**REQUIRED ACTION:**
Required from the data below: the exact lines starting at the line containing "I then added" and ending at the line containing "从板块角度来说的话,运河新城", with both ends kept and all pictures dropped.

**GIVEN DATA:**
#####

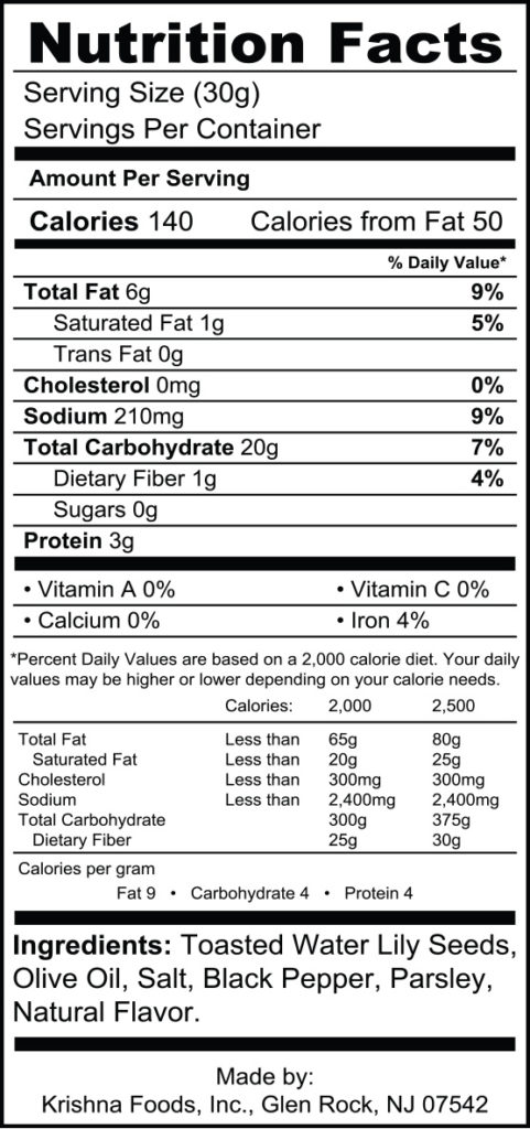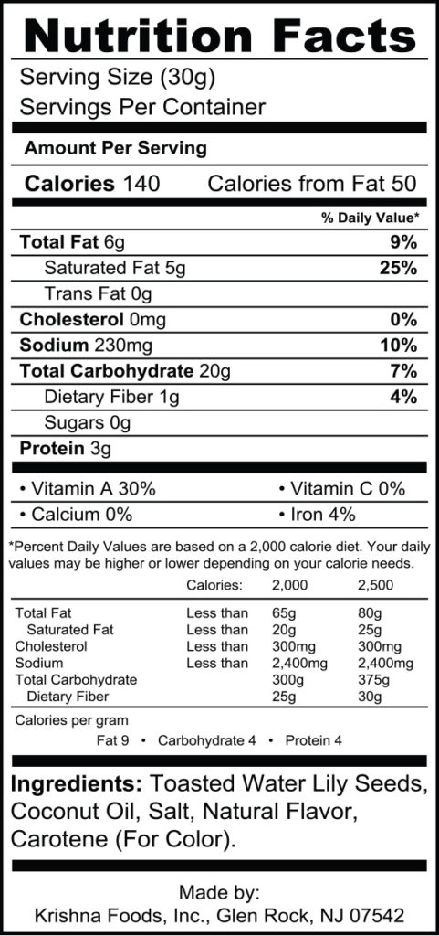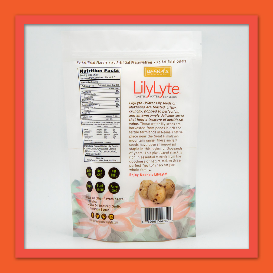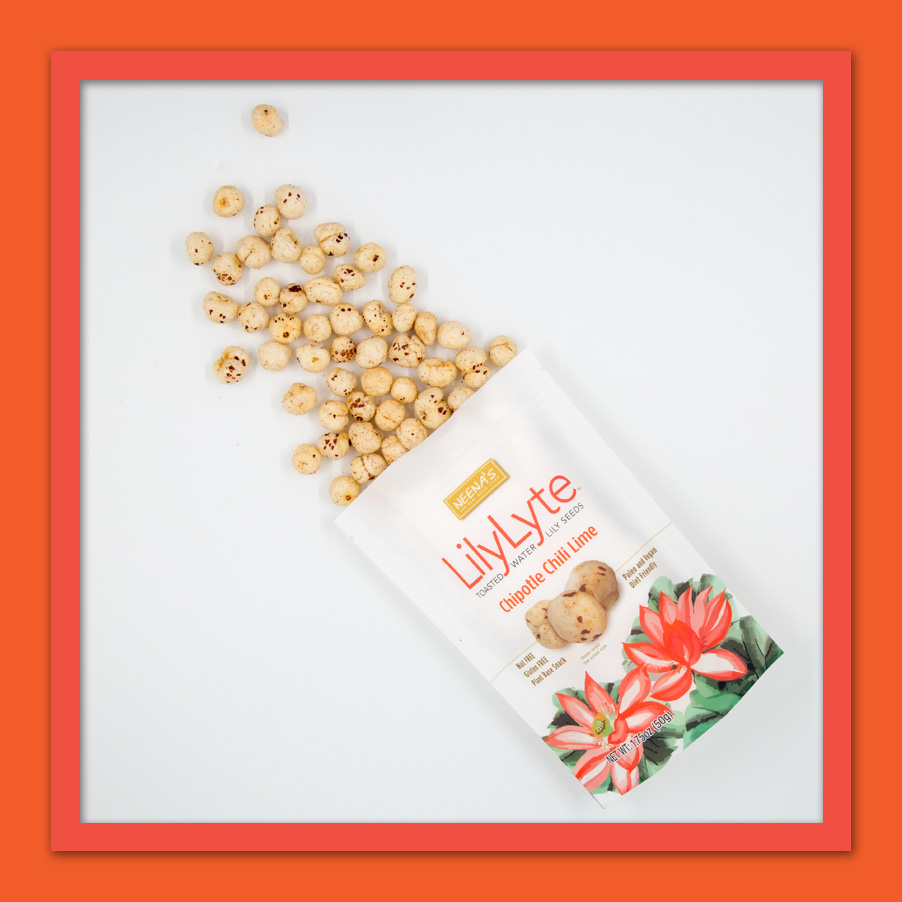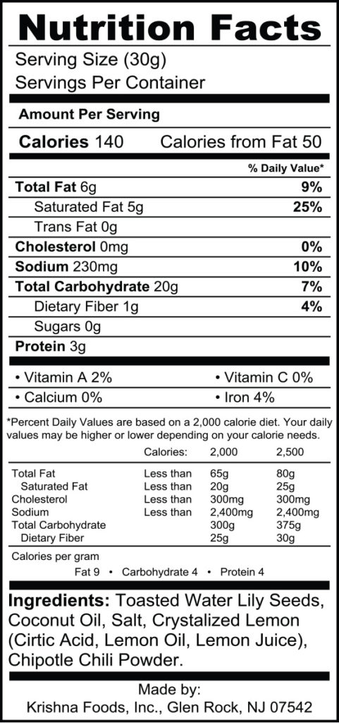 Toasted water lily seeds, coconut oil, salt, critic acid, lemon oil, lemon juice and chipotle chili powder.
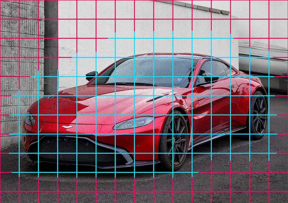 I then added a grid overlay and marked the squares that contain parts of the Aston Martin with light blue.
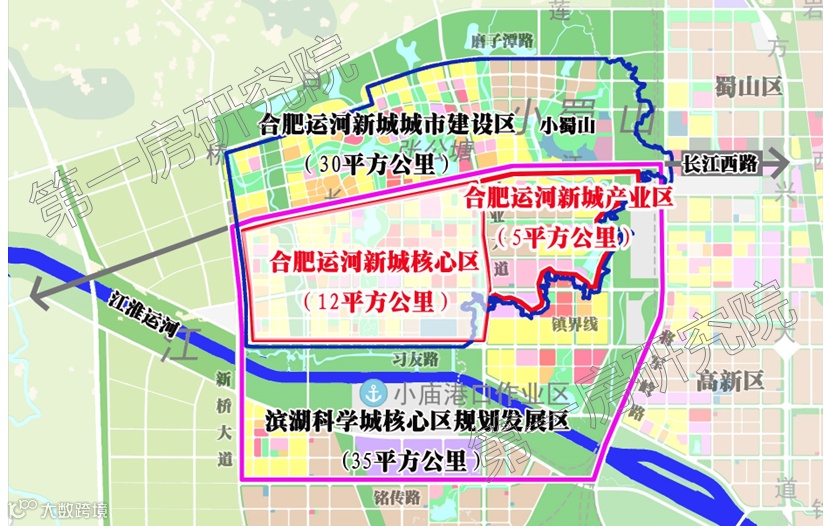 从板块角度来说的话,运河新城的定位能级较高,有着引江济淮工程计划做大的开发背景,且与合肥滨湖科学城总体规划密切衔接,以滨湖科学城核心区规划发展区与运河新城30平方公里城市规划区的重合区域作为运河新城建设启动区,实现了两规合一。
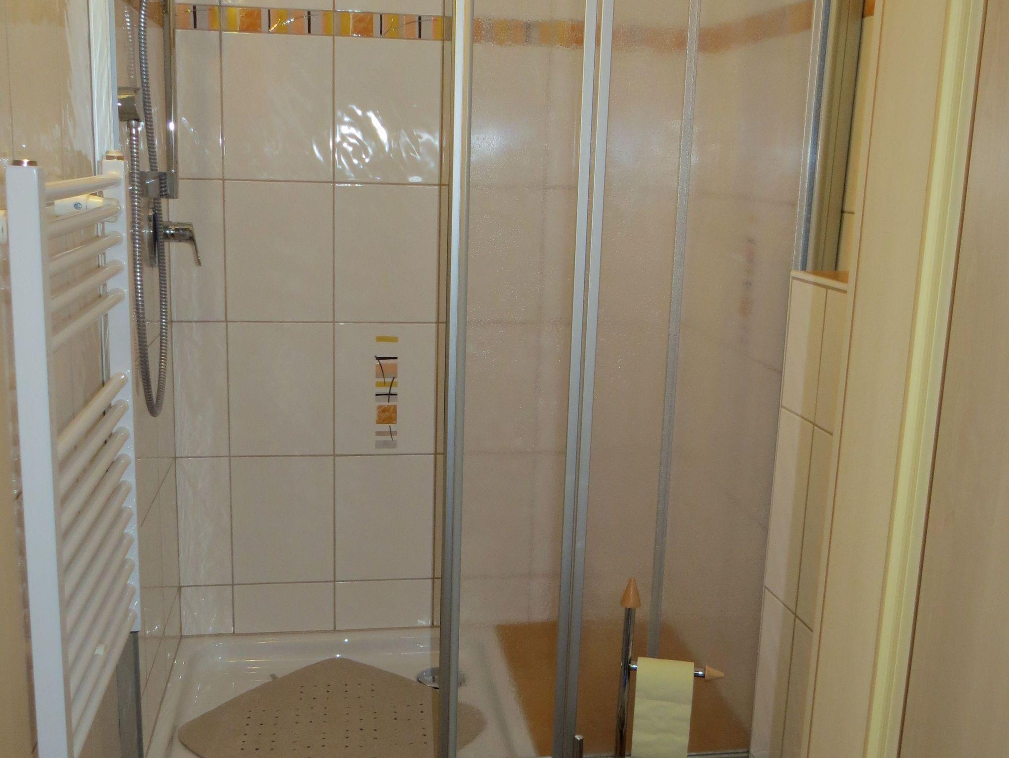 3 Schlafzimmer, Wohnküche, 2 x Dusche/WC, Balkon, SAT-TV, großer Vorraum. Ein Doppelzimmer, ein Dreibettzimmer und ein Zimmer mit Stockbett und Einzelbett. Die Küche ist mit

#####

**EXERCISE OUTPUT:**
 I then added a grid overlay and marked the squares that contain parts of the Aston Martin with light blue.
 从板块角度来说的话,运河新城的定位能级较高,有着引江济淮工程计划做大的开发背景,且与合肥滨湖科学城总体规划密切衔接,以滨湖科学城核心区规划发展区与运河新城30平方公里城市规划区的重合区域作为运河新城建设启动区,实现了两规合一。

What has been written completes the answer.